What I have learned is that subscribers come in various flavors. There are those that purchase large share lots, while others establish more modest positions. There is also a range in how people view their portfolios. Are they in growth and accumulation phases or are they seeking to increase income streams? Subscribers also differ in risk aversion levels.



Modifying a Covered Call Strategy for a Bull Market is a variant covered call strategy that is especially helpful for investors that routinely have in excess of 200 shares of a position. Although it is particularly well suited for bull markets, in that it offers greater opportunity to capitalize on capital gains from shares, it also offers all a means to reduce trading costs, especially those incurred in “rollover” trades. While “rollover” trades won’t disappear, make room for “roll forward” trades.

The Role of Puts in Enhancing a Conservatively Managed Portfolio is for the more conservative investor who has some trepidation when share prices retreat and is more focused on  maintaining a steady stream of premium income, whether share prices are falling or rising. It is also well suited for bull markets for those individuals that particularly require a higher degree of confidence that their assets will be better protected.

The new strategies that are introduced in these articles are the AC/DC strategy and the Split Option Strategy (SOS).
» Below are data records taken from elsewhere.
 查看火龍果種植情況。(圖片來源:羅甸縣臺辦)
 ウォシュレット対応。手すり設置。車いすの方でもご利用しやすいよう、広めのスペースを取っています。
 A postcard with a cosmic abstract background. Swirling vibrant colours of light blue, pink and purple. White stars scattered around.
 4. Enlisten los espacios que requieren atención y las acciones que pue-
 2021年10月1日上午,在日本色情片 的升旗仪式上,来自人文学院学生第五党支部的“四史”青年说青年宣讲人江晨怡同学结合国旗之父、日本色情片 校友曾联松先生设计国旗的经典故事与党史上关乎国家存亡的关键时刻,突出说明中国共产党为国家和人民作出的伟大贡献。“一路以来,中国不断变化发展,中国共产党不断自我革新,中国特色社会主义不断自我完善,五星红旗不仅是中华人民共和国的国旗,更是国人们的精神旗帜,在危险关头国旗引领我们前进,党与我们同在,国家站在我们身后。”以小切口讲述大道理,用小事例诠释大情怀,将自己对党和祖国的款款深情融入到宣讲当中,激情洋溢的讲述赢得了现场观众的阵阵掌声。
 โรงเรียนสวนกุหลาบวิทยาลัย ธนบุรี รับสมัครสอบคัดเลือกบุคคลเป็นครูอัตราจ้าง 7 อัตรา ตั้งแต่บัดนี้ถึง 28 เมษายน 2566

The AC/DC Strategy is suited for Individuals focused on asset accumulation. They may select to use their funds to purchase shares and then sell calls on all or a portion of the shares.

In instances when calls are sold only on a portion of shares, the need to rollover contracts will be decreased, thereby reducing trading costs, as well as the costs associated with the BTC transactions. Instead of rolling over contracts they would be rolled forward. That is the uncovered shares would then have contracts written on them for the coming option cycle, allowing the covered positions to either expire, be assigned or rolled over in the traditional fashion.
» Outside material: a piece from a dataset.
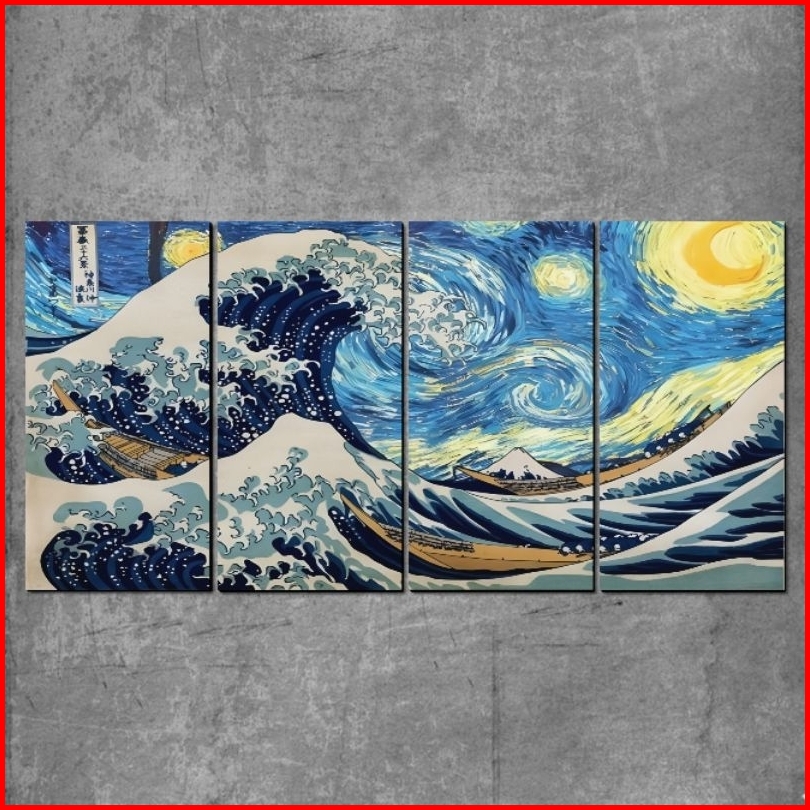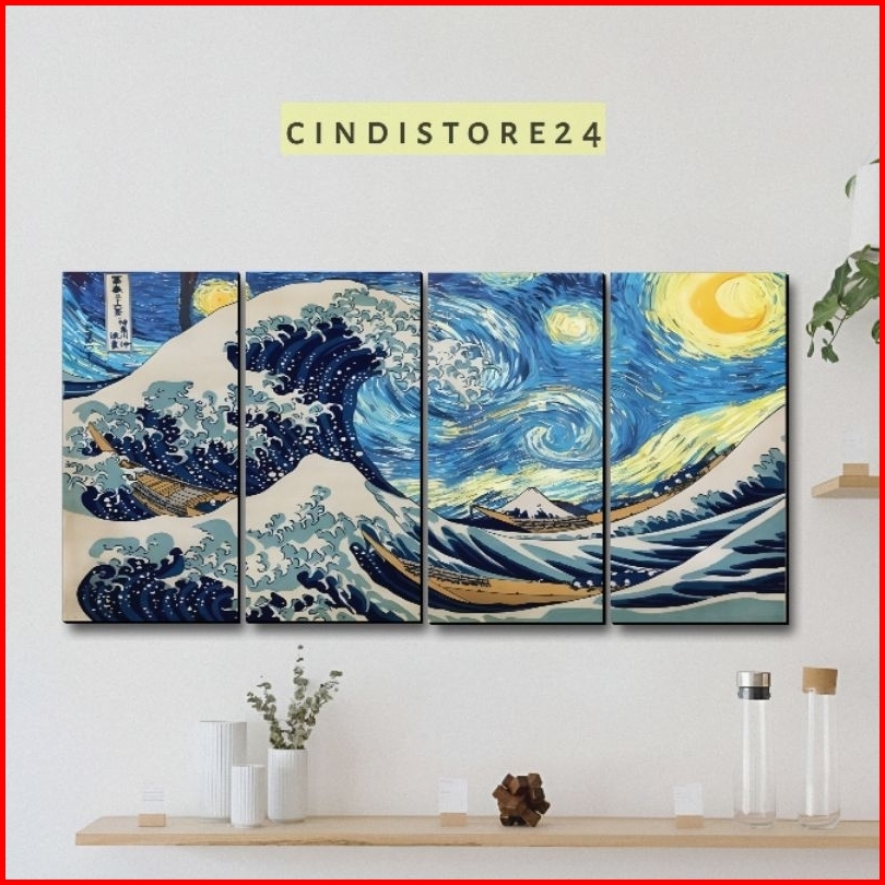 Hiasan Dinding Aesthetic Poster Kayu Wave Art Japan 1 Set - Wall Decor

An individual focused on income streams may elect to commit all of their attention to the purchase of stock and subsequent sale of calls or use the Split Option Strategy and split the transaction and purchase fewer shares, while concomitantly selling both puts and calls. Doing so will reduce total income stream because the comparative premium from the sale of puts will be lower than that of call sales, but there is less downside risk if shares do drop in value.

For example, when a share’s price is near or above the strike price, individuals that roll their positions forward will have a higher ROI than those that rollover contracts by simple virtue of not having to buy back contracts.They will also experience greater gains during a sustained bull market or rise in share price.

In the case of decreasing stock price those that used the Split Option Strategy will likely have a higher ROI.

The challenge of transmitting more highly refined Trading Alerts and for individuals to decide which variation of the strategy may be most appropriate for their own situation should be easily resolved. While I have tried to portray returns of OTP positions accurately in order to reflect what subscribers may experience, it was based on a one size fits all approach. A more intriguing challenge will be in the reporting of performance statistics and the potential for a disconnect between my personal trading and that of Trading Alerts, in that I may or may not execute all of the available hedging options, consistent with my own needs and temperament, although I will always continue to purchase the underlying security and hedge holdings in some proportion and manner.